Evans explained: “We need an honest conversation about how not every customer is going to be a price winner out of this reform.
“It will be a healthier system, it will be a fairer system, but if you’re a customer at the moment that spends hours flipping your insurance policy every year looking for a discount, you are less likely to do well out of the system than somebody who sticks with their insurer for four years under the current system.
“That will hopefully reverse, but there will be some losers as well as winners from this reform and it’s really important that the regulator, as well as insurers, are open and honest with customers about that and say that this will make for a fairer and healthier system overall in the long run.”
Long overdue
Despite these potential challenges, Evans said that general insurance pricing reforms are “long overdue”.
“I don’t think we could have done it any sooner. It always needed regulatory intervention because it would have been anti-competitive to get a load of insurers in a room to try and work this one out,” he continued.
Speaking to session chair Aasmah Mir, a broadcaster at Times Radio, Evans also touched on how customers should be encouraged to view value in insurance products as more than just their price.

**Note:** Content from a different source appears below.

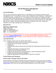 Online Course Syllabi CIS 244 Web Server Management 3 Credits Course Description This course provides the student with an introduction to the basics of a Web server management role. The textbook covers server installation and installation, configuration, and administration of Web servers. The student will be exposed to all topics for both Linux and a Microsoft Windows server environment. They will work with Microsoft Server OS, Red Hat Linux, Internet Information Services (IIS), Apache Web Server, Microsoft SQL Server, MySQL, Microsoft Exchange Server, sendmail, and more. (Assumes students have a basic background in networking.) Required Text Web Server Administration Author: Steve Silva Publisher: Cengage.com ISBN - 13: 978-1-4239-0323-9 ISBN – 10: 1-4239-0323-4 Contact Coleen at the NDSCS Bookstore for the most current textbook information (1-800-342-4325, ext. 2239 or coleen.thoe@ndscs.edu). You may also visit the NDSCS Bookstore web site at www.ndscsbookstore.com and search for book information by class by clicking the "Textbook" tab. Learning Outcomes Upon completion of this course, the student will be able to: Understand the basics of server and web server administration Evaluate server and network components Install server Understand the domain name service and identify the components of the domain name service Understand the basics of managing the server Install the Internet information services Configure new web sites and virtual directories in Internet information services Program dynamic web sites with databases Install and administer the exchange 2000 e-mail server in windows Course Policies and Procedures Access Policy: Computer Failures and Viruses Online students must maintain computer access at all times to the online course. Lack of computer access as an excuse for late work or missed exam/quiz will NOT be accepted. Review the Computer Access Policy to learn how you can take a proactive approach to your online success. 1 Online Course Syllabi Student Attendance Regular attendance and completion of all assignments, on time and as scheduled, is important to your success in this course. An online student who does not regularly attend their online class for a period of seven consecutive days may be dropped from the course. Attendance is evidenced by weekly completion of assignments and/or participation in online discussions. Efforts to contact inactive students are attempted as soon as each semester begins; however, if there is no response from the student and inactivity continues, a drop will be enacted. See the entire NDSCS Attendance Policy at www.ndscs.edu/online-attendance. If your instructor is unexpectedly unavailable and may be delayed in reviewing or correcting assignments, you will be notified of this as a sign of courtesy and respect. Online Student Participation and Conduct Guidelines The practices of courtesy and respect that apply in the traditional classroom also apply online. However, the expectations and practice differ in the online classroom to greater extent. Review the Online Student Participation and Conduct Guidelines (Appendix A) to learn of these expectations. Assignments Please follow the order of units as each unit will build onto the next one and will be accessible according to the schedule posted within the online course. Assignments and quizzes within each chapter are due within specified time frames. Refer to the Schedule for specific due dates. Assignments not completed by the specified deadline but submitted late will have 10% of grade points deducted at instructor's discretion. No points will be assigned for incomplete assignments. Be prepared to spend at least four (4) hours per week in the online class, studying, and completing assignments. Submitting Assignments All assignments should be turned in via Dropbox unless otherwise specified. You are strongly encouraged to make hard copies of your assignments and communications with the instructor to avoid losing data in the case of technical issues. At the first sign of problems, contact your Internet Service Provider (ISP) immediately. It is your responsibility to access the class on another computer in the event of hardware or software problems. If your problems are not cleared up within 12 hours, contact the instructor to make other arrangements. Grading Criteria This class has 1000 points total. So each set of 10 points is worth 1% of your final grade. Each chapter 75 points 10 point review quiz 5 points practice quiz 25 points assignments 2 Online Course Syllabi 25 points discussion questions 10 points participation 8 chapters equal 600 points 200 points on the Midterm test 200 points on the Final test Grading Scale Your performance in this class will be based on the quality and accuracy of your sketches and answers on assignments, quizzes, and tests. Assignments that do not meet the deadlines given by the instructor will be reduced 10% per day. Letter grades will be awarded as follows: LETTER GRADE PERCENT A B C D F 90-100% 80-89% 70-79% 60-69% Below 60% Online Discussions The online discussions are required activities, and full participation is essential for your success of this course. These discussions are an equivalent to the traditional classroom discussions. You are expected to read all postings, and interact with each other. Discussion Grading Criteria Correct grammar and spelling is essential; including punctuation and capitalization. It is the intent of NDSCS to develop employable skills in students, and to prepare them for the workplace. Written communication is one of those skills. If this isn't your strength, develop a habit of performing a spell check in MS Word before submitting your work, or posting to a threaded discussion. You are expected to respond to the discussion questions with relevant and substantive responses (more than “I agree.”) Points will be earned in the Gradebook for your participation in the assigned discussions. Points will be assigned using the fo

He said: “Until we sort out the loyalty premium problem, which I think sits at the heart of a lot of distrust of customers and insurers, then I think we can’t move on to a broader conversation about what value looks like.
“What do you want in your insurance policy and what are you prepared to pay for it? These are sensible discussions you can have with customers both at a macro level and at an individual level, but it’s very hard to do that when the bottom line is that many customers feel like their loyalty isn’t rewarded and that the industry is skewed towards people who change their insurance policy every year, irrespective of whether they’ve had a good service or not.
“I am hopeful, very hopeful that we have a road map with the FCA to sort that issue out once and for all and that will be the foundation on which we can then start to have a more mature discussion with customers around overall value.
“In insurance, as in life, you can buy basic products, you can buy medium level products and you can buy premium level products. You get roughly what you pay for. We [will be] in a position to have more of that discussion once we get GI pricing in a better place.”